L'homme pâle aux cheveux noirs plongea son regard dans les yeux saphir de Nora.
« Vous feriez un tableau parfait. Votre sang peindrait de magnifiques touches de rouge et de noir, vos os seraient broyés pour former le jaune et le blanc. J'utiliserai un vrai ange pour créer le tableau d'un ange. Ah… ce serait une œuvre merveilleuse, non ? Je pourrais peut-être même atteindre le Niveau d'Origine 3.
« Mais, si vous changez d'avis et cessez de protéger ce gamin, je vous laisserai partir. Je n'ai pas besoin de tant de cadavres dans mon atelier. Il me faut une seule personne pour mes couleurs. Vous pourrez rentrer saine et sauve dans votre monde. »
Dit Peter en regardant la fillette de dix ans, les lèvres retroussées. Il attendit patiemment sa réponse.
Il savait que Nora n'était pas sotte. Elle était consciente de la différence de force entre eux. Ce qu'il avait à faire, c'était créer un scénario qui justifierait sa trahison, et la meilleure façon d'y parvenir était de la rendre impuissante. Tant qu'elle aurait le sentiment de n'avoir d'autre choix que d'obéir, elle pourrait abandonner sa justice de façade et agir comme il le voulait.
Ayant utilisé cette méthode maintes fois auparavant, Peter savait que les humains étaient loin d'être aussi résilients mentalement qu'ils le croyaient. Il suffisait d'appuyer sur les bons boutons pour faire plier quelqu'un à sa volonté.
Il assaillit Nora de logique et d'émotion, mais n'obtint pas ce qu'il voulait. Ce qu'il reçut ne fut pas un compromis, mais la moquerie de la princesse.
« Compassion, bienveillance, impartialité. Voilà les valeurs que nous, Xeclyde, chérissons. C'est la boussole morale que nous portons en nos cœurs. Vous ne la connaissez même pas, et vous rêvez de faire un tableau de ma chair et de mon sang ?
« Croyez-vous que je me laisserai intimider ? Je peux mourir, mais notre lignée ne s'éteindra jamais. Viendra le jour où l'épée d'un Xeclyde transpercera votre gorge. Les défunts reposeront en paix, et les vivants vivront sans crainte. La justice peut tarder, mais elle n'est jamais absente. Le seul destin qui vous attend est une fin misérable ! »
Nora fixa l'ennemi d'un regard inébranlable, affermissant encore sa volonté. Roel fut ému par son discours également. Même si elle n'avait pas encore pleinement déployé ses ailes, elle avait déjà prouvé qu'elle était un véritable ange et une dirigeante digne de ce nom.
…
Pendant que Nora et Roel faisaient face à Peter, le Saint Éminent John était lui aussi en plein pourparlers avec le vice-chef du Prieuré de Mithral.
« Conformément à vos exigences, nous quitterons la Théocratie et aucun de nos membres n'apparaîtra plus aux abords de vos territoires. De plus, nous vous fournirons des renseignements sur onze cibles de votre liste noire. »
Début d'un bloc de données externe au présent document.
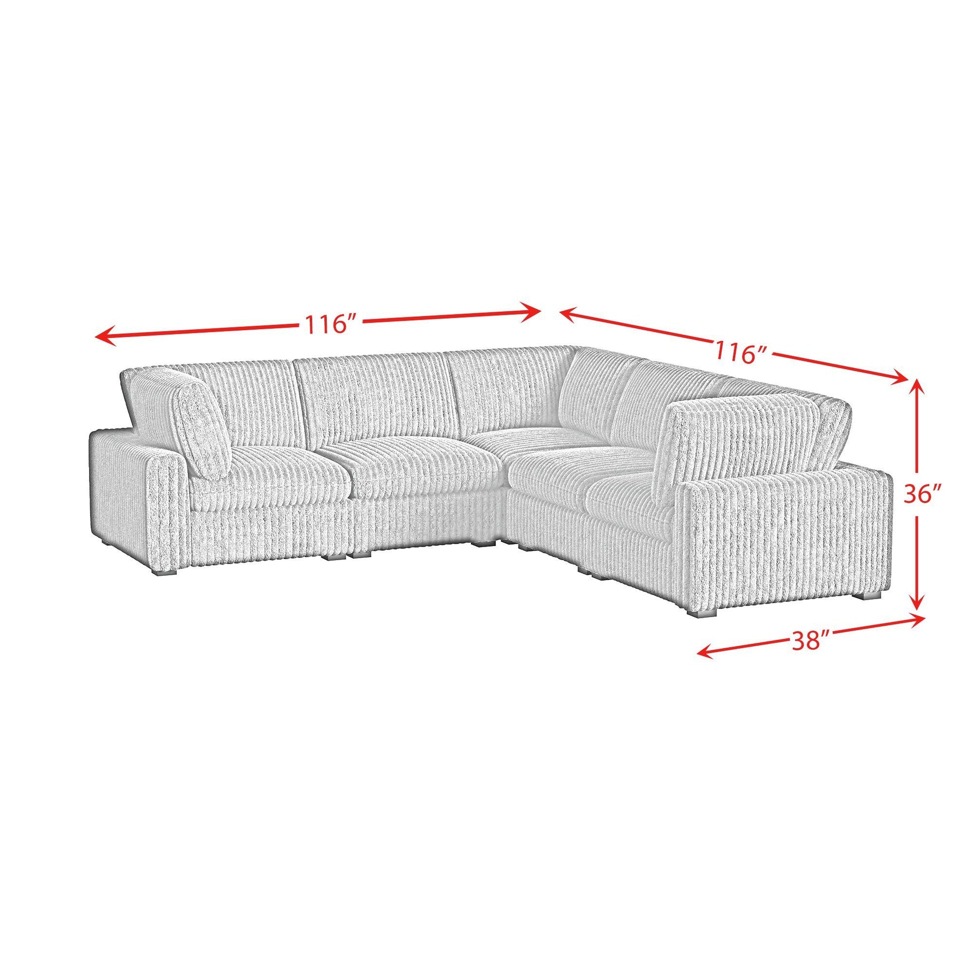 Lounge in the welcoming repose of the Esprit 5-Piece Modular Set, where comfort and style unite. Dressed in rich, textured fabric, this set offers a cozy corner for relaxation and intimate gatherings alike. Each piece of this modular group is crafted to comfort you in softness, fostering leisure with a modern flair. With its deep seating and plush, ribbed upholstery, this sectional becomes the heart of your home. Let the elegance and comfort of the Esprit 5-Piece Modular Set turn your living space into your favorite place to decompress.

L'homme raffiné énuméra respectueusement les concessions qu'il était prêt à consentir pour un traité de paix entre la Théocratie et le Prieuré de Mithral, allant de la fourniture de renseignements précieux sur d'autres cultes maléfiques à l'élimination des menaces sous-jacentes qui mettaient la Théocratie en danger. On aurait dit qu'il s'engageait à en devenir un allié solide.
Le vieillard aux cheveux blancs écouta en silence les paroles de l'autre partie. Longtemps après, il posa enfin la question cruciale.
« Que demandez-vous en retour ? »
« Pas grand-chose. Nous espérons simplement que vous fermerez les yeux sur cet incident », dit Caras calmement.